Anyway I must say to you, too => If you use this HowTo you do it on your own risk ! You will lose all Files on the Strato-Server, ´cause we start with a brandnew installation of the Debian-Image ! If you have question mail me or send me a PM.

If you want to have it in german language please mail me, too.

Wer diese Anleitung auf deutsch haben möchte, muss mir nur eine eMail oder PN schreiben.

You will need:

  • a Strato – Dedicatet Server
  • WinSCP3 and Putty or similar software on your computer at home

We use (based on the HowTo by Falko Timme) for the Server:

  • Apache 2 as web-server
  • Postfix as mailserver
  • Courier-POP3 and Courier-IMAP for eMail, too
  • BIND as DNS-server
  • proftpd as FTP-server
  • Webalizer for statistics

 

STEP 1 – Install a new Debian-Image 3.1 with the Strato-Konfigurationsmenü

 

  • choose Serverkonfiguration
  • choose Neuinstallation
  • mark the Box and choose Debian GNU/Linux 3.1 für Profis
  • click on weiter
  • fill in the code you will see

 

 

Don´t forget:

You will lose all Files on the Strato-Server,

´cause we start with a brandnew installation of the Debian-Image !

 

  • if you´re sure that you want it, click on weiter
  • wait until you get the eMail from Strato that the reinstallation is finished.

 

STEP 2 – Update the Debian Sarge Image

 

  • login your server as root by Putty
  • copy here the code and paste it in Putty
  • follow the instructions

 

 

apt-get update

If you´re asked that you want to stop now, ´cause a new kernel will be installed answer with no.

But don´t forget to reboot your server after this upgrade.

apt-get dist-upgrade

apt-get upgrade

(If someone said, that this is to much update and -grade, let me first answer:

I try it many times and it works everytime a little bit other – and rather one time often than one time too little.)

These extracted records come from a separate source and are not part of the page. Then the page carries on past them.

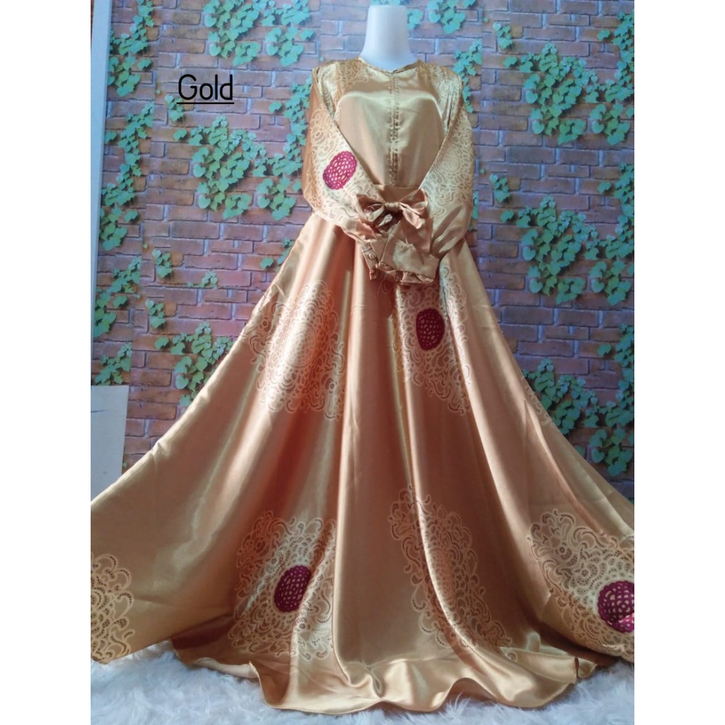 Gamis satin GOLD dress mewah pesta kondangan umbrella busui maxmara kilap limitted modis muslim | Shopee Indonesia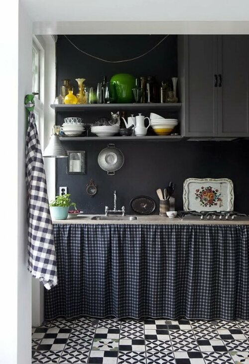2. Визуальное увеличение пространства. Использование шторки вместо дверцы создает впечатление большего пространства и света в кухне.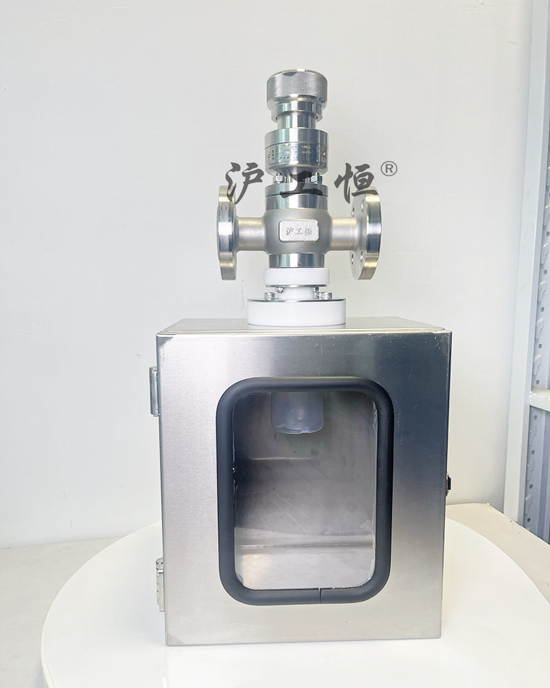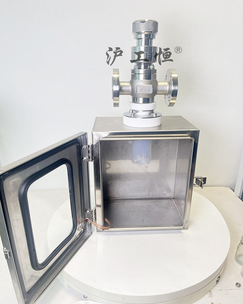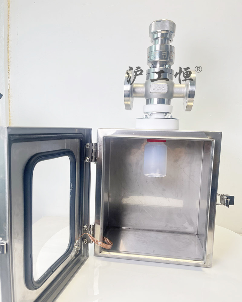 在線襯氟取樣閥-帶安全箱-PFA取樣瓶,解決了現有取樣閥的復雜結構,取樣瓶采用PFA材質,可取樣為腐蝕性介質,在線襯氟取樣閥-帶安全箱-PFA取樣瓶主要有閥體、閥芯、閥桿、閥座、密閉針、帶膜片取樣瓶組成,取樣瓶為可拆卸設計,試樣從入料針進入取樣瓶內,并通過排氣針排出壓力,使取樣瓶保持在常壓狀態,取樣瓶品裝有橡膠膜可將取樣瓶密封,避免污染試樣,流道無流阻設計,不影響流量,閥桿通過手柄、電動執行機構、氣動執行機構旋轉帶動閥桿及閥芯,閥芯上下提拉,可精確控制流量,實現試樣進入取樣瓶內,取樣瓶可選透明和避光兩種,本取樣閥廣泛應用在制藥、化工、食品行業。

STEP 3 – Add some more nameservers

 

  • open and edit the file /etc/resolv.conf
  • add some more nameservers (only if you want)

 

nameserver 81.169.163.104
nameserver 81.169.163.106
search serverkompetenz.net
nameserver ip.number.from.another

STEP 4 – Setting the hostname

Instead of server1.example.com put in your real serverdomain (h12345.serverkompetenz.net)

echo server1.example.com > /etc/hostname
/bin/hostname -F /etc/hostname

STEP 5 – Install needed and missing software and remove unneeded software

apt-get install make gcc g++ cpp wget flex bzip2 rdate fetchmail libdb3++-dev unzip zip ncftp xlispstat libarchive-zip-perl zlib1g-dev libpopt-dev nmap openssl lynx fileutils (all in one line!)

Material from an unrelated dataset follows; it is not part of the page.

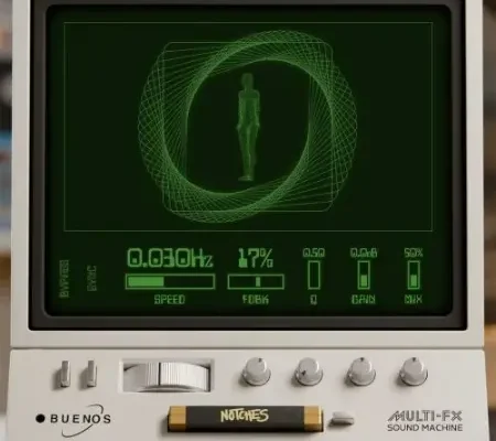 Buenos is an early-digital inspired multi-FX plugin with characterful textures from different “effect cards” like Notches, Canyon Reverb, Death Flange, Singularity, micro pitch shift and more.

Answer the questions with the default answers.

update-rc.d -f exim remove

update-inetd –remove daytime

update-inetd –remove telnet

update-inetd –remove time

update-inetd –remove finger

update-inetd –remove talk

update-inetd –remove ntalk

update-inetd –remove ftp

update-inetd –remove discard

/etc/init.d/inetd reload

STEP 6 – Install and configure quota

apt-get install quota quotatool

Answer the question with no.

  • open and edit the file /etc/fstab

 

# /etc/fstab: static file system information.
#
# file system     mount point    type     options                  dump pass
/dev/sda1         /boot          ext2     nosuid,nodev             0    2
/dev/sda2         none           swap     sw                       0    0
/dev/sda3         /              ext3     defaults,errors=remount-ro,usrquota,grpquota 0       1
proc              /proc          proc     defaults                 0    0

  • run the following steps:

 

touch /quota.user /quota.group

chmod 600 /quota.*

mount -o remount /

quotacheck -avugm

quotaon -avug

STEP 7 – Install and configure bind9 the DNS-Server

apt-get install bind9

/etc/init.d/bind9 stop

  • open and edit the file /etc/default/bind9 to:

 

OPTIONS="-u bind -t /var/lib/named"

  • run the following steps:

 

mkdir -p /var/lib/named/etc

mkdir /var/lib/named/dev

mkdir -p /var/lib/named/var/cache/bind

mkdir -p /var/lib/named/var/run/bind/run

mv /etc/bind /var/lib/named/etc

ln -s /var/lib/named/etc/bind /etc/bind

mknod /var/lib/named/dev/null c 1 3

mknod /var/lib/named/dev/random c 1 8

chmod 666 /var/lib/named/dev/null /var/lib/named/dev/random

chown -R bind:bind /var/lib/named/var/*

chown -R bind:bind /var/lib/named/etc/bind

  • open and edit the file /etc/init.d/sysklogd. But only the line SYSLOGD=”” to:

 

SYSLOGD="-a /var/lib/named/dev/log"

  • run the following steps:

 

/etc/init.d/sysklogd restart

/etc/init.d/bind9 start

  • open and check the file /var/log/syslog for any errors in the last few lines.

 

STEP 8 – Install and configure MySQL

apt-get install mysql-server mysql-client libmysqlclient12-dev

mysqladmin -u root password replacethiswithyourrootmysqlpassword

netstat -tap

Now you should see something like:

tcp 0 0 localhost:mysql *:* LISTEN 3133/mysqld

STEP 9 – Install and configure Postfix the mail-server with POP3/IMAP

  • run the following steps:

 

apt-get install postfix postfix-tls procmail libsasl2 sasl2-bin libsasl2-modules ipopd-ssl uw-imapd-ssl (all in one line!)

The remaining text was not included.